Visions of the future
Then I started to have lucid dreams, where I had powerful visions. They gave me hope and confidence. I learned how to become more still and listen to the subtle energies in my body. Oh my… there was a massive shift going on. Other people were feeling it too. I was not going mad. Friends told me they felt a lightness, a joy they had never sensed before. As if the war was already won. As if the dark forces had been lifted from the earth already. As if everything was already alright. I could feel it, sense it, smell it. It was in the air.
Connecting the dots
And that’s where we are now, my friend. I have connected the dots. We, humanity as a whole, are evolving at an incredible rate. The curtains that have kept us imprisoned for so long, the veils that have covered our consciousness, are being lifted as I write these words. We have help. We have so much help, you can’t even begin to understand. We are so loved by the universe. The battle on this earth is watched by many, and they all want us to make it. This is about our survival as a species. Our frequency is rising. Everything that no longer resonates with this higher frequency, has to go. This frequency of light is pushing out all the darkness from our bodies, our soul and from our planet. It’s the end of the world as we know it, and ultimately that’s a good thing, however dramatic it can feel sometimes.
Remember the last time we met? I was so excited to share with you what I had discovered, but you got angry with me and didn’t want to hear it. You said I was irresponsible spreading such lies, agitating people, inciting protest. You said I had to try harder to fit into the system, because the system was protecting us. You said people like me were the reason many more people were going to die of this pandemic, because I made them believe social distancing and wearing masks were not necessary and vaccines were dangerous. You accused me of being arrogant and selfish, a danger to society. You told me I should be ashamed of myself. You said my stubbornness was going to be my downfall. But, my dear friend, I am afraid your submissiveness is going to be yours.
I am not strong enough
So, my friend, here we are. With pain in my heart, I have to say goodbye. Because if I stay, I have no choice but to take on your darkness, and I don’t want that anymore. I am not strong enough to keep my frequency high, when you say things like this. I am not strong enough to keep my frequency high when I see demons eating at you, while you don’t notice. I am not strong enough to stay in the light, when I see the arrows coming out of your mouth. It hurts too much. And I am good for nothing, when I am in the dark. I am sorry.
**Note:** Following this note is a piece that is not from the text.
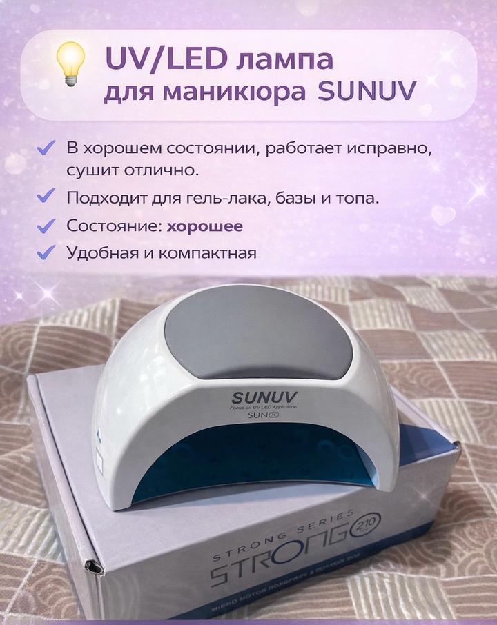 Оригинальный аппарат Strong B210 / H350 • Производство: Южная Корея 65 Вт | до 40 000 об/мин У Без вибрации, защита от перегрузки Пользовалась 2 месяца, состояние отличное, работает идеально. UV/LED лампа для маникіора SUNUV • В хорошем состоянии, работает исправно, сушит отлично. Подходит для гель-лака, базы и топа. • Состояние: хорошее Удобная и компактная SUNUV Артикул: 537547

I will remember you with love
I want you to come with me, really. I want to lift you up, like I would lift up my child, even if it didn’t want to, and carry you out of this burning house. I want to carry you off the battlefield, like a soldier would carry his wounded mate. But I can’t decide that for you. I can’t force you to look, either. I can’t force you to see. It’s your choice. You have free will, just like everyone else. I can’t force you to come, even though I would want to so bad. I would want to, because I love you. And I will miss you on the other side. I will never forget you. Every time I hear the call of the cicadas, I will think of you.
Goodbye, my friend. Know that whatever happens, where ever you are, you are always welcome to find me. I will be there.